Americans are far more positive about the state of their own finances than they are about the economy in general. The fact that growth is now slowing under the weight of higher interest rates makes it far harder for Biden to counter Trump’s narrative that things have taken a turn for the worse since he was defeated in 2020. The Fed now appears to be gearing up to cut interest rates in September but by then it may be too little, too late for Biden.

The state of the economy is no longer Biden’s biggest problem. Sure, the latest unemployment figures showed the US jobless rate rising from 4% to 4.1% in June but by historical standards that is still low.
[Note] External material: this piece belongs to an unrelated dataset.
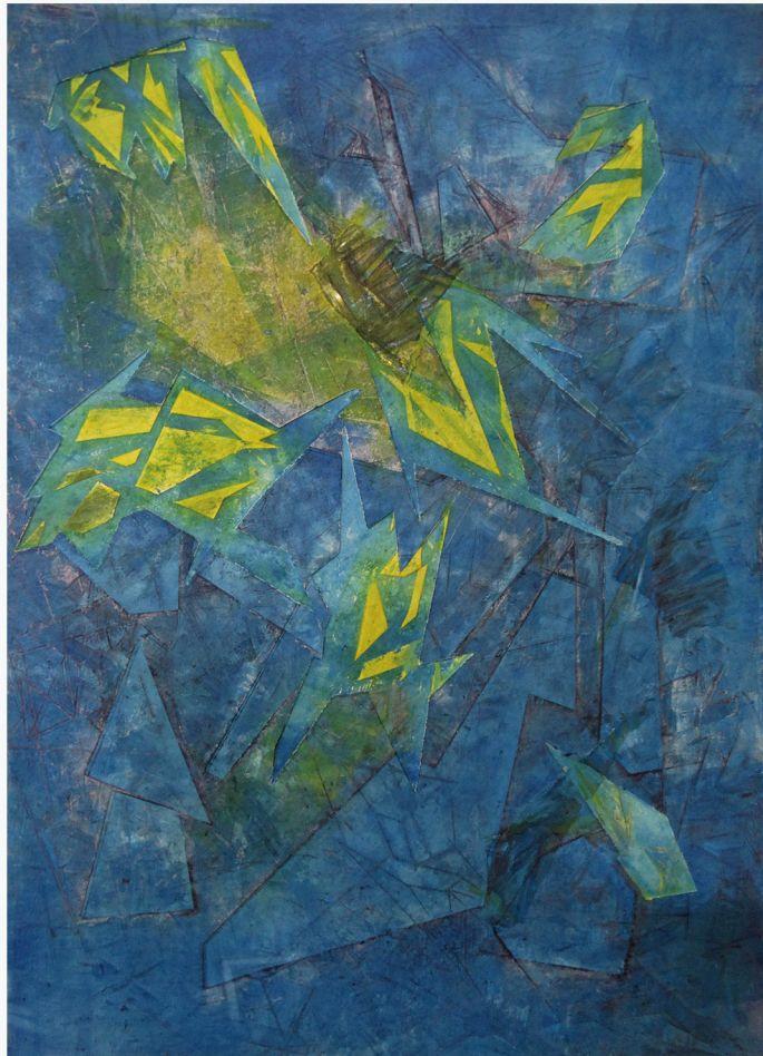
林信源 LIN, Hsin-Yuan 失序 / 交織 Disorde / Interweave 紙鑄模、一版多色 Paper casting, viscosity intaglio 88 x 63 cm 2023

What concerns voters is whether Biden is fit to be president right now, let alone for another four years, and the indications are that he is not. Mistaking Volodymyr Zelenskiy for Vladimir Putin at last week’s Nato summit was merely the latest damaging gaffe. Trump is not exactly a model of cogency either but that’s not the point. He appears to many Americans to be more capable than Biden, particularly after last month’s disastrous head-to-head debate.

It boils down to this: would an alternative Democrat candidate be able to flip the campaign so that it focuses on the economic successes of the past four years rather than Biden’s frailty? Would it mean more attention was paid to Trump’s character and his policies? Would it give the Democrats a better chance of winning? The answers to those three questions are yes, yes and yes.